By Tim Reid
(Reuters) – After a teenage gunman killed two of her high school students and wounded four others in her Florida classroom in 2018, Ivy Schamis found the strength to carry on teaching for two more years.
Missy Dodds, who watched five of her pupils gunned down by a former student who shot his way into her classroom in Minnesota in 2005, returned for six weeks before abandoning the career she loved.
Memories of their terror came rushing back this week after another teenage gunman murdered 19 children and two teachers at a Texas elementary school, swelling the ranks of a group no educator wants to join: teachers who have seen their students shot.
“To this day, the thought that I didn’t send those babies home has really been a struggle. I can’t describe the pain,” said Dodds. “That morning I was Miss Dodds, the math teacher. That afternoon it was all taken away.”
Guns have been fired more than 2,000 times in schools since 1970, according to a database by the Naval Postgraduate School’s Center for Homeland Defense and Security that tracks shootings affecting students from kindergarten through the 12th grade.
The tragedies leave a trail of trauma. For some educators, getting back to the classroom proves therapeutic. For others, the horrors of what they saw are too much to overcome.
Schamis was a social studies teacher at Marjory Stoneman Douglas High School in Parkland when a teenage gunman killed 14 students and three staff on Valentine’s Day four years ago. Her classroom remains sealed off as a crime scene even though the school eventually reopened.
“It’s frozen in time,” Schamis said. “There is even a box of Valentine’s chocolates still sitting on my desk.”
She returned to teach in a different building on the school grounds, drawing strength to continue from Holocaust survivors who had spoken to her history students.
“They inspired me with their resilience, hope and love,” Schamis said.
But after completing her vow to see her senior and junior classes graduate, Schamis and her husband moved to Washington, D.C. for a fresh start. She no longer teaches.
Dodds said she suffers acute survivor’s guilt and is still in therapy 17 years after a gunman killed five of her students at Red Lake Senior High School as they hunched under desks.
“The FBI later told me he was in my classroom for 90 seconds. I thought he’d been in there for 15 minutes. That’s what happens to time during these emergencies,” said Dodds, who retired on disability and is now a school safety advocate.
GRIM GUIDE
The United States has suffered so many school shootings that in 2019 a group of 29 school principals who had experienced gun violence inside their buildings formed a support network.

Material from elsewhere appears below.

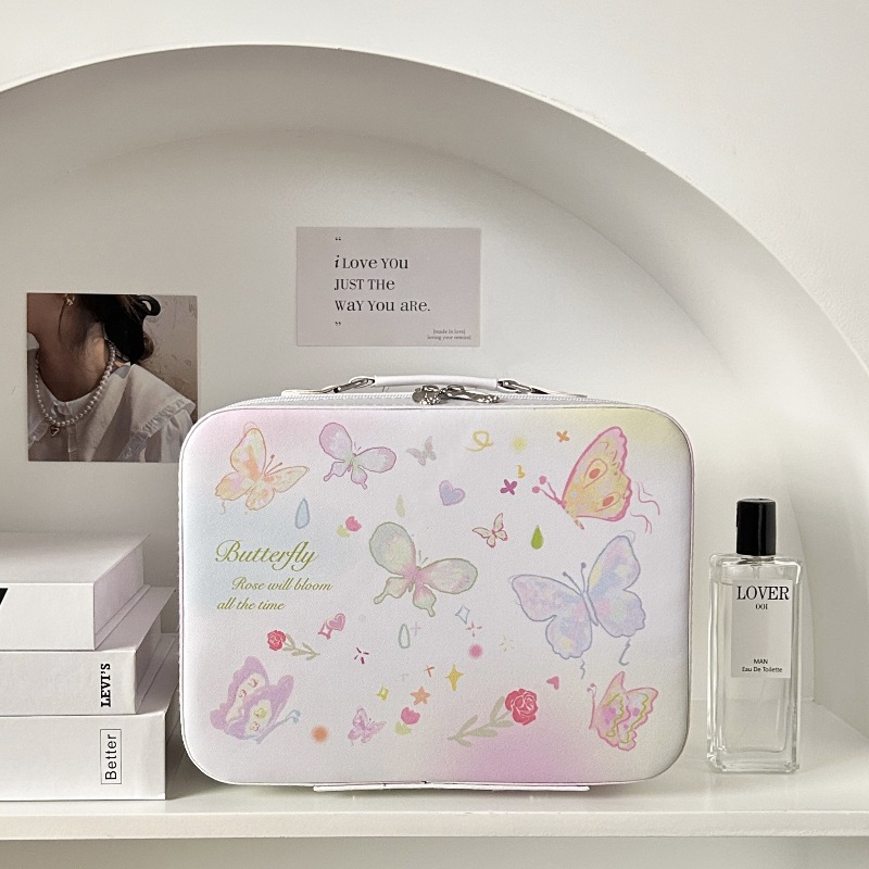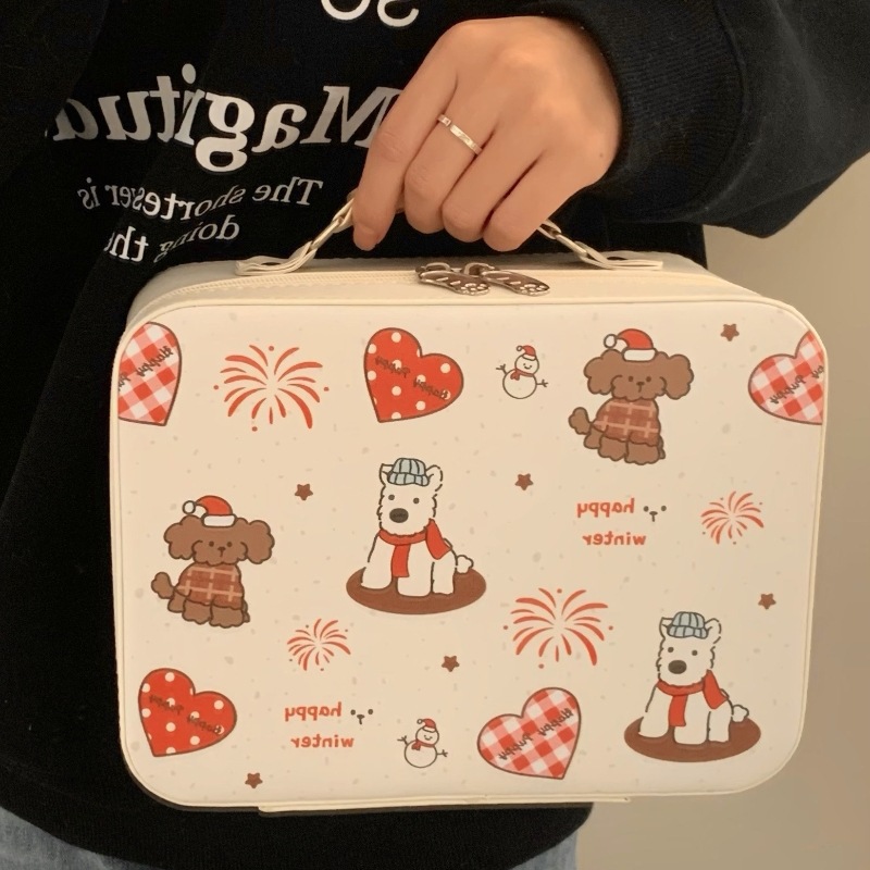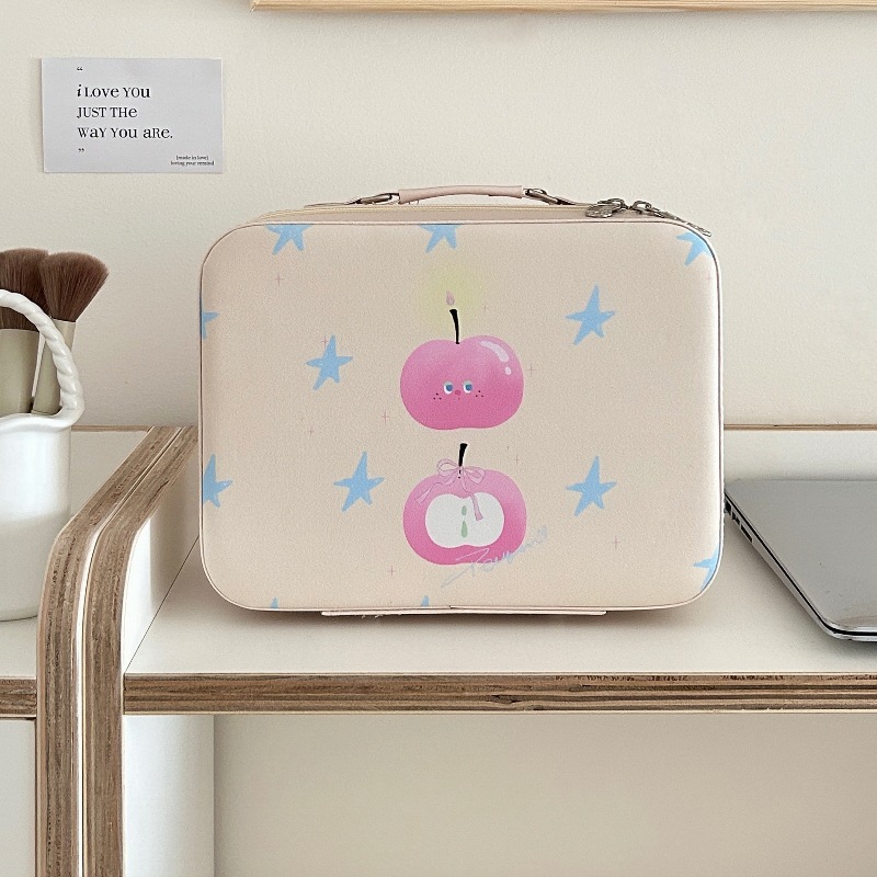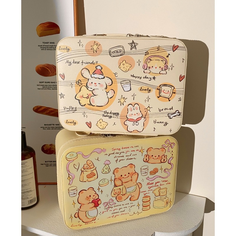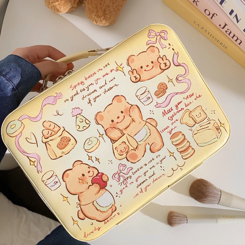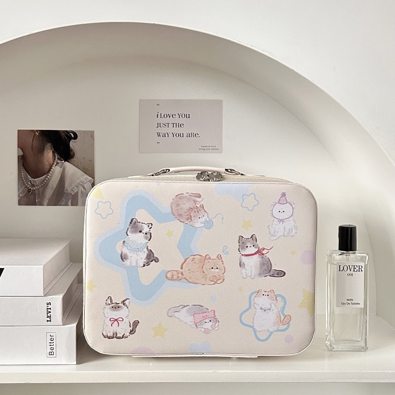 五一出行【敲可爱!大容量手提化妆包】出差旅行女便携收纳箱化妆品收纳盒带镜子一体洗漱包。ry

The Principal Recovery Network created a guide that provides practical steps for school leaders after a shooting. It suggests holding an off-site staff meeting as soon as possible, monitoring the mental health of students and staff, ensuring the school is completely repaired and repainted before re-opening and even advice on the benefits of therapy dogs.

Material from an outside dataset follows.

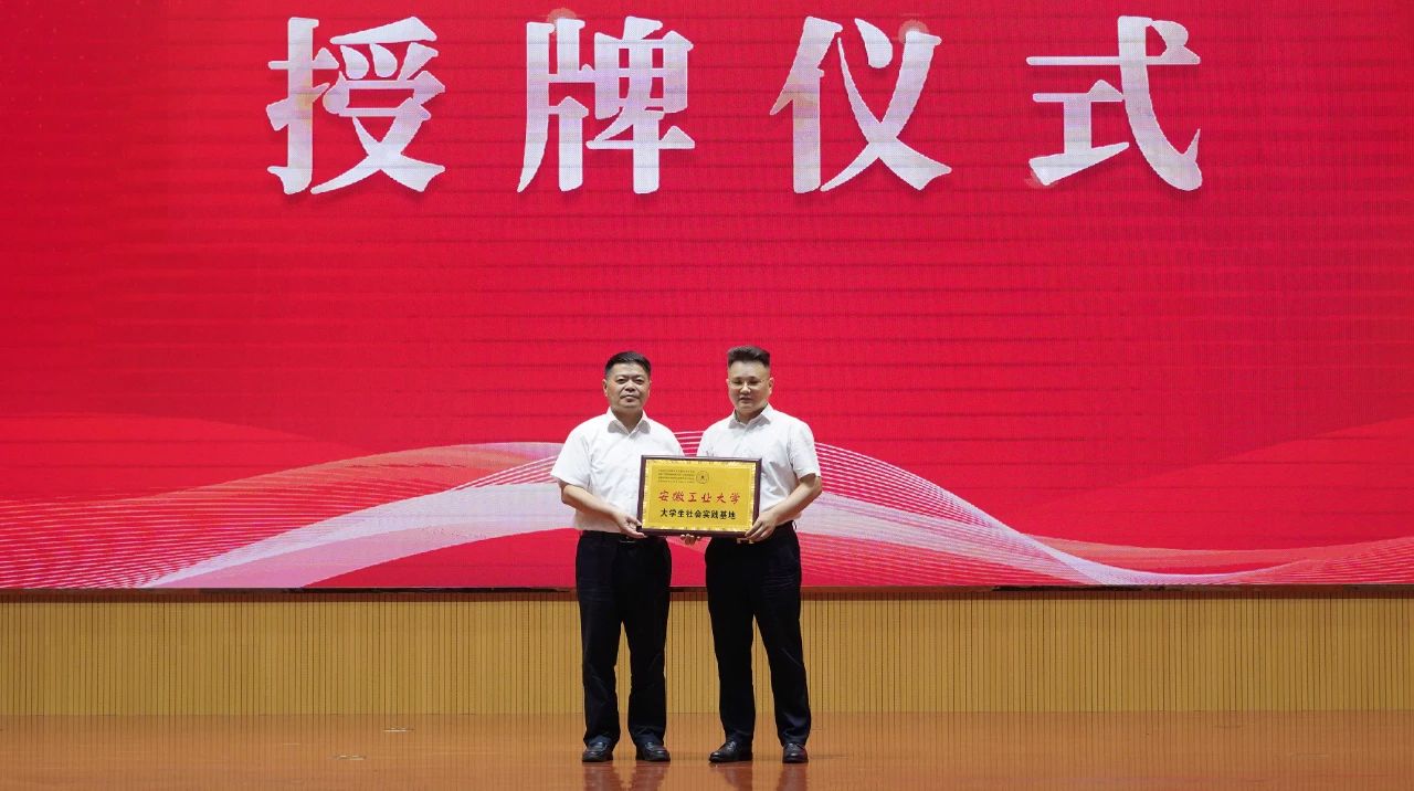 會(huì)議期間舉行了“大學(xué)生社會(huì)實(shí)踐基地”授牌儀式,安徽工業(yè)大學(xué)黨委書(shū)記陸林與天康集團(tuán)黨委副書(shū)記、總經(jīng)理毛文章代表雙方授接牌匾。

One member of the network, Frank DeAngelis, said he has already reached out to the principal of Robb Elementary School in Uvalde, Texas, the scene of Tuesday’s shooting.
DeAngelis was principal of Columbine High School on April 20, 1999, when two students shot and killed 12 fellow students and one teacher before taking their own lives.
At the time it was the deadliest school shooting in U.S. history. Today it ranks fourth on that grim list, surpassed by the death tolls in Parkland, Uvalde and the 2012 attack at Sandy Hook Elementary in Newtown, Connecticut, where a gunman killed 26 children and school staff.
DeAngelis said he originally planned to leave his job after the shooting but was urged by his priest to help the school rebuild. He served as Columbine’s principal for another 15 years after the massacre.
He remains in therapy 23 years later and credits it with getting him through the darkest days early on.
“When I first went back, I struggled,” DeAngelis said. “Every time I heard a loud sound, I jumped. I visualized kids lying in a pool of blood.”
DeAngelis said his counselor urged him to try and instead remember happy moments with each of the slain students.
“I visualized them participating in a school play, or high-fiving me in the cafeteria, or smiling at me in the hallway,” he said. “I had to celebrate their lives and not mourn their deaths.”